# The Chain

On one of the parkrun related facebook groups a while ago people were comparing the number of different parkruns they had done starting with each letter of the alphabet, sort of like an extended version of alphabet bingo. This was then followed by comparing the number of events they had done starting with the same two letters.

Inspired by this I proposed a game using the parkrun chain length, where a chain is made by using the last letter of one parkrun as the first letter of another.

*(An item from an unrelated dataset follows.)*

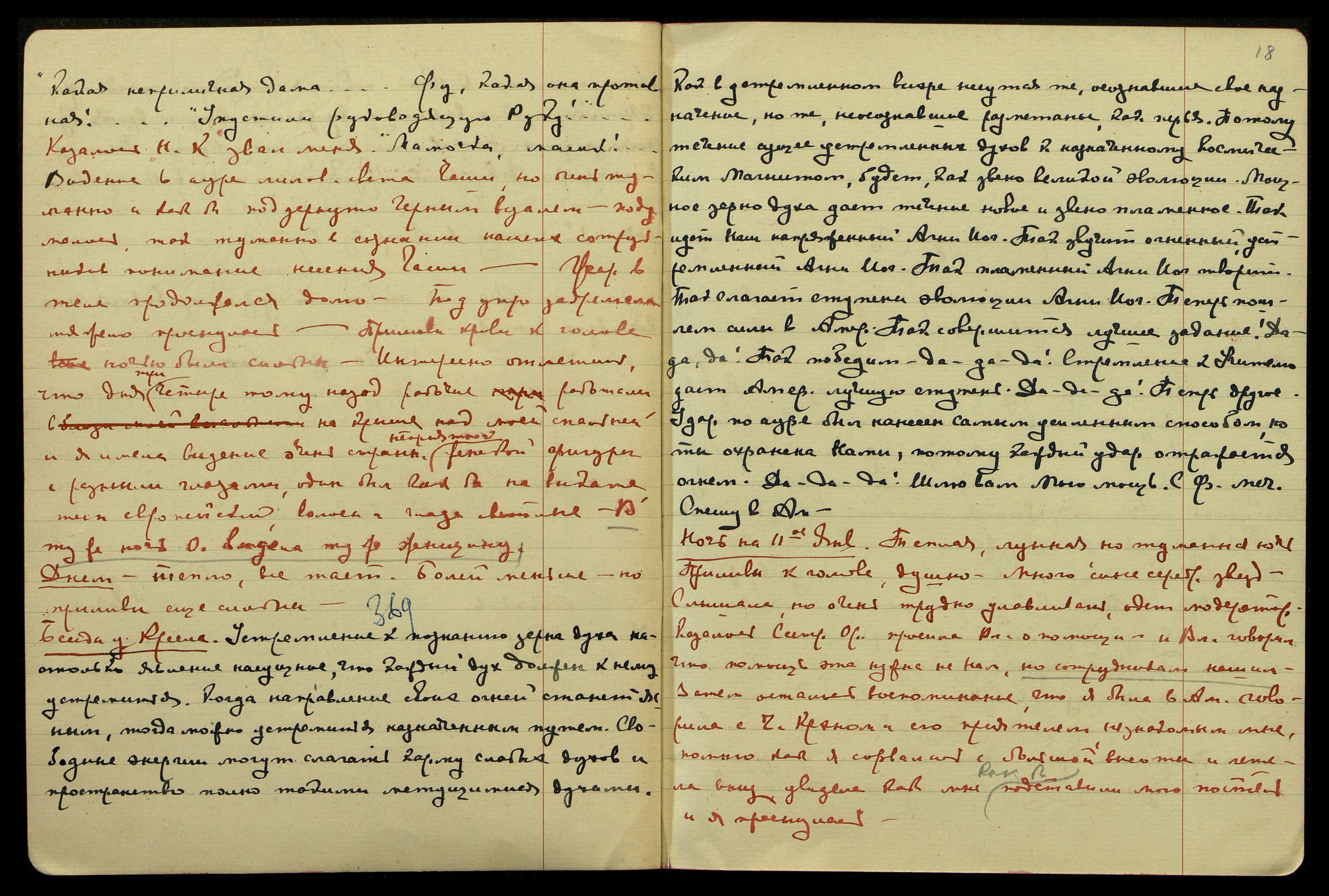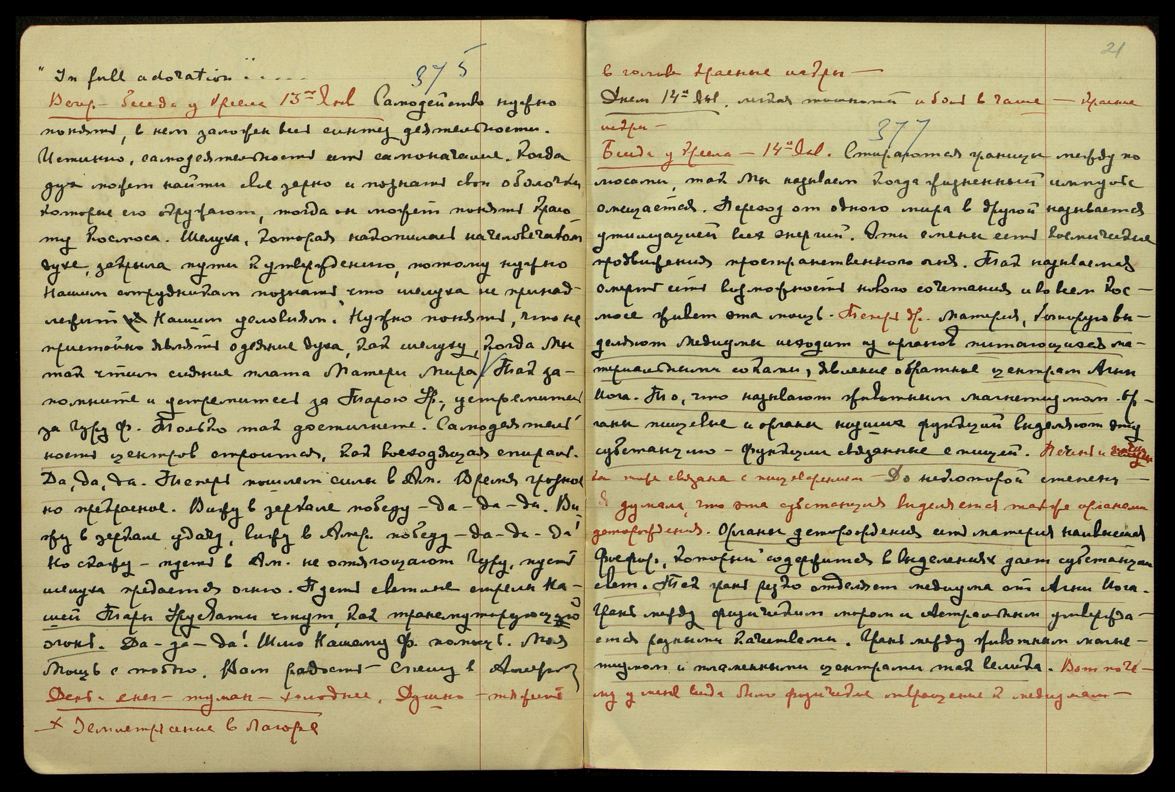 Ночь на 19-ое января. Ясно, на горах всё ещё много снега, прохладно. Боль в центре лёгкого держится. Долго не могла уснуть. Ложась, блеснул на уровне глаз, сильный, яркий, серебряный, огонь. Посреди ночи тянущая боль в солнечн[ом] сплетении. Встала, приняла соды. Видела жёлтую искру – надо быть осторожной. Слышала очень мало и только под утро. Чтим голос твой... Серебряный луч... Украшающая... Через нахальную сущность свою... Между Радн[ой] и Модр[ой] вижу звезду, которая может особенно ярко возгореться... Посреди ночи вспоминаются перемежающиеся волны холода и жара. Особенно сильно явление сокращения нервов в голове, приступы мурашей от затылка ко лбу.
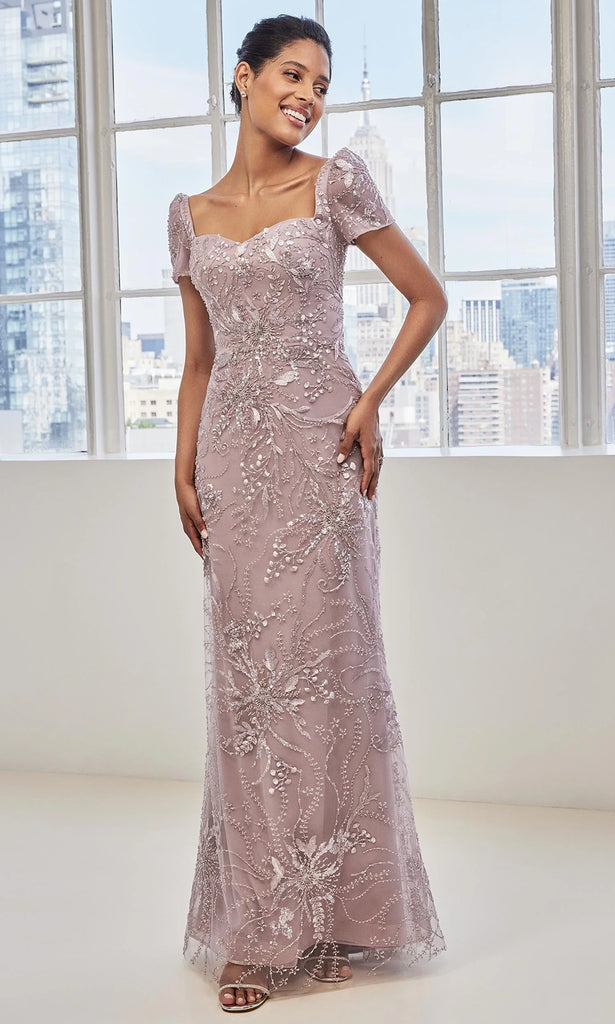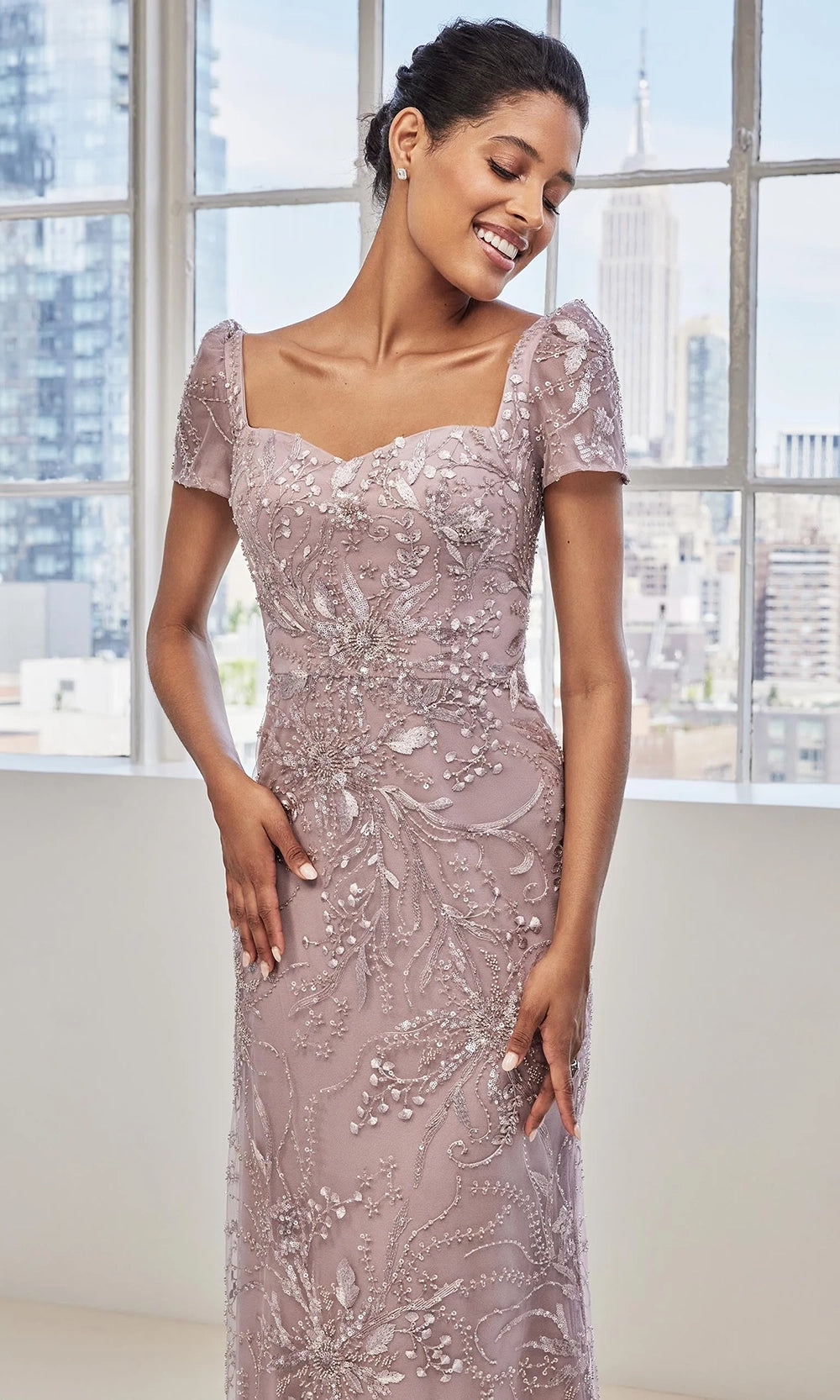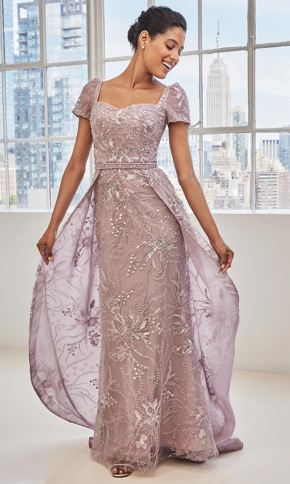 Delicate sparkle and layered texture define this MGNY By Mori Lee 73128 standout gown crafted for eye-catching sophistication. It displays beaded embroidery that covers a sweetheart neckline bodice with sheer short sleeves for soft structure. A detachable overskirt adds volume and elegance to the slim sheath base beneath, allowing for versatile styling. Thoughtfully designed from net fabric with ornate patterns throughout, this gown bridges classic and modern elements beautifully. MGNY By Mori Lee 73128 is a celebration of embellished charm with graceful movement. Model is wearing Lilac color.

For me this was quite easy to work out mentally and my answer was 5. My score was soon surpassed and within a day the high score stood at 32.

For people with over 100 events to their name calculating their score would prove to be very complicated, wishing to avoid such issues myself I looked for some way of making my computer do the work for me.

I found some code on rosettacode that I was able to adapt, becuase parkruns and pokemons are very similar, to produce the following:

``````package main

import (
"fmt"
"strings"
)

var parkrun = `walsall-arboretum perry-hall cardiff pontypridd coventry swansea-bay lytham-hall conkers rosliston wolverhampton hazlehead cannock-chase rugby kingsbury-Water south-oxhey markeaton blackpool dudley  sandwell-Valley telford bryn-bach riverfront newport ruchill brueton highbury-Fields clifton cannon-hill  newcastle bevendean-down`

func main() {
// split text into slice representing directed graph
var d []string
for _, l := range strings.Split(parkrun, "\n") {
d = append(d, strings.Fields(l)...)
}
fmt.Println("searching", len(d), "names...")
// try each name as possible start
for i := range d {
d[0], d[i] = d[i], d[0]
search(d, 1, len(d[0]))
d[0], d[i] = d[i], d[0]
}
fmt.Println("maximum path length:", len(ex))
fmt.Println("paths of that length:", nMax)
fmt.Print("example path of that length:")
for i, n := range ex {
if i%6 == 0 {
fmt.Print("\n   ")
}
fmt.Print(n, " ")
}
fmt.Println()
}

var ex []string
var nMax int

func search(d []string, i, ncPath int) {
// tally statistics
if i == len(ex) {
nMax++
} else if i > len(ex) {
nMax = 1
ex = append(ex[:0], d[:i]...)
}
// recursive search
lastName := d[i-1]
lastChar := lastName[len(lastName)-1]
for j := i; j < len(d); j++ {
if d[j][0] == lastChar {
d[i], d[j] = d[j], d[i]
search(d, i+1, ncPath+1+len(d[i]))
d[i], d[j] = d[j], d[i]
}
}
}
``````

The first time I ran it the response was:

``````searching 30 names...
maximum path length: 5
paths of that length: 2
example path of that length:
walsall-arboretum markeaton newport telford dudley
``````

which concurred with my own answer, so I assume it works correctly. Ideally I would let this website do all the work, but I’ve yet to find an easy way to do that so I must run this code myself each time I add a new event to my list.